● Input records
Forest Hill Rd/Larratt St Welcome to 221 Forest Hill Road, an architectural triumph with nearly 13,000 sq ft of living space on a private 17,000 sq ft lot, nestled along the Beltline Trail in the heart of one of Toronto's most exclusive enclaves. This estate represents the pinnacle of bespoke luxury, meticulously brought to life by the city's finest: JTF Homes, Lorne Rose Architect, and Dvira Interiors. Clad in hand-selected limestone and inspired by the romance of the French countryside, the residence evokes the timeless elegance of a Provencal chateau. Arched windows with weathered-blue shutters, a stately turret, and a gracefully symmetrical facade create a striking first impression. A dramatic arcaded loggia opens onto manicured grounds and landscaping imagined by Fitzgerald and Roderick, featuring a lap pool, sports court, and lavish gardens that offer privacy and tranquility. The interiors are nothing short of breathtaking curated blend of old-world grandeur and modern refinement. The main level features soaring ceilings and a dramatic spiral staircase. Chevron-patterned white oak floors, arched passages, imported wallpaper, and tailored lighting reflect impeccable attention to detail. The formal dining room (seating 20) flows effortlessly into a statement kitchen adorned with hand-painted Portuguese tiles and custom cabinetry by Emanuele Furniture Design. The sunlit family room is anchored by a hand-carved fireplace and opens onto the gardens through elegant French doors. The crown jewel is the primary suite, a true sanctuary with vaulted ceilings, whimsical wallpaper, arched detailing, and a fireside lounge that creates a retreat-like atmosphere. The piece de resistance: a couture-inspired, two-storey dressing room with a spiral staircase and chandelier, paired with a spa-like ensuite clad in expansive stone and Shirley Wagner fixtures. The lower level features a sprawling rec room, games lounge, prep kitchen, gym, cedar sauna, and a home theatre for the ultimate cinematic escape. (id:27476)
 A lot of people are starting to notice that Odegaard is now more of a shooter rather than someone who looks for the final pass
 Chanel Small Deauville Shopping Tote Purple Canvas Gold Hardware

--

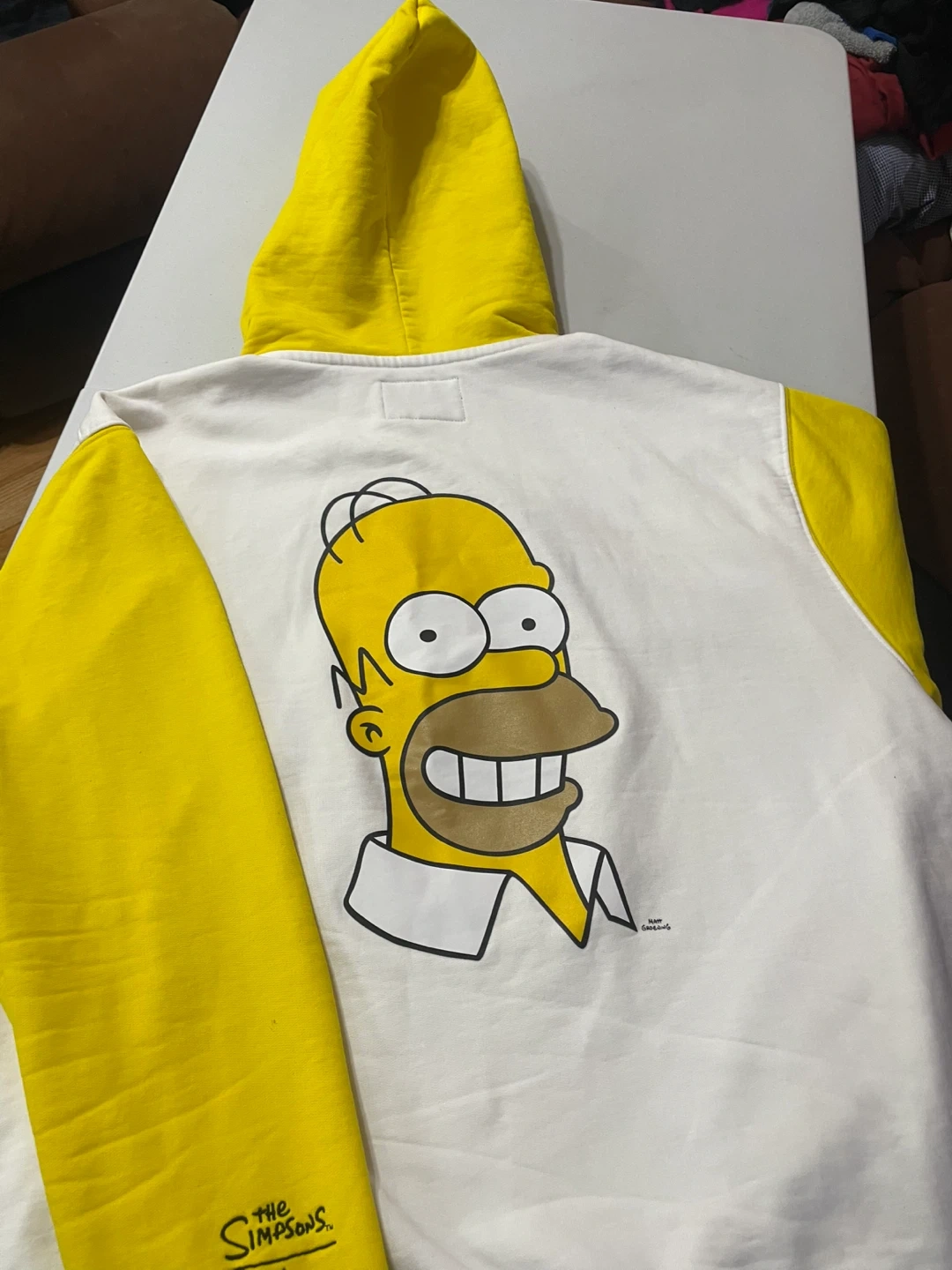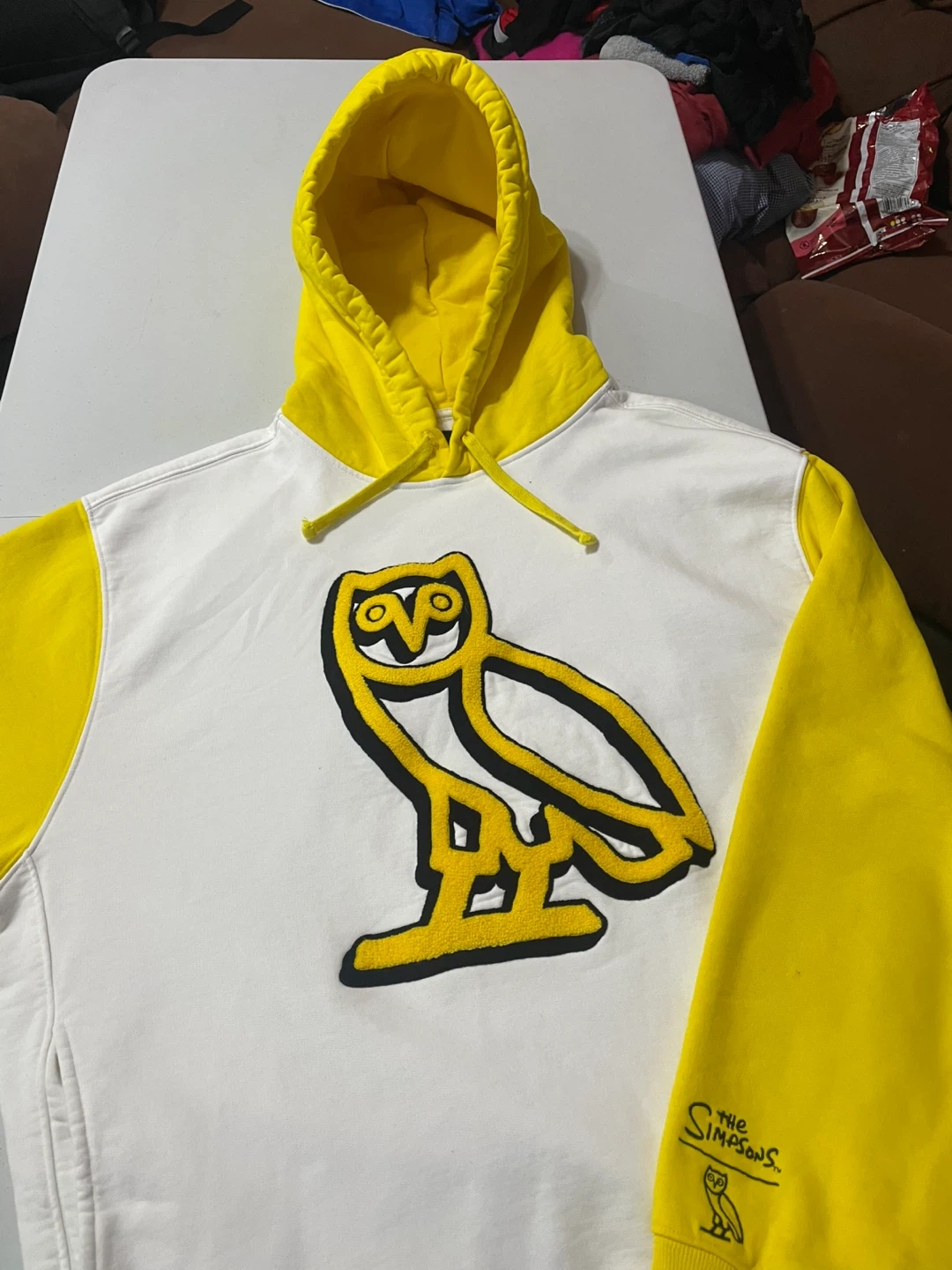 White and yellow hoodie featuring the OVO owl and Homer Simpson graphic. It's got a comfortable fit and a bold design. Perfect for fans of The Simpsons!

==

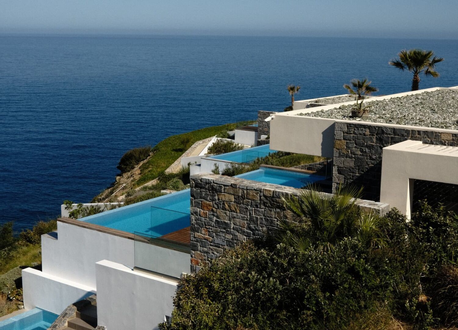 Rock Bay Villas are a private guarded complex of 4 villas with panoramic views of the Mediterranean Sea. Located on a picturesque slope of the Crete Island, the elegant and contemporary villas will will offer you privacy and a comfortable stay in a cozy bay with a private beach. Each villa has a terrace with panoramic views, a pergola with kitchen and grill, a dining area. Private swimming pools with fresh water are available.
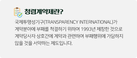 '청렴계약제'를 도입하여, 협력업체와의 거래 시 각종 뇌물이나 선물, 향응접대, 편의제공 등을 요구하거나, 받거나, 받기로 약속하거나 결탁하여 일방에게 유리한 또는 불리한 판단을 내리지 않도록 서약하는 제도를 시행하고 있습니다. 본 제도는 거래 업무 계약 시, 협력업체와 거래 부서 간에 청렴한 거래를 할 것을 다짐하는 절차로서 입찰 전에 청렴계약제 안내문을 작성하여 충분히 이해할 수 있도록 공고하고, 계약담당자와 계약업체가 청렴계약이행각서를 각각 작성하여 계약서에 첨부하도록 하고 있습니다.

● Work request
The entries above hold the needed span. Transcribe exactly the lines from the one with "A lot of people" to the one with "Chanel Small Deauville", both included.

● Task output
 A lot of people are starting to notice that Odegaard is now more of a shooter rather than someone who looks for the final pass
 Chanel Small Deauville Shopping Tote Purple Canvas Gold Hardware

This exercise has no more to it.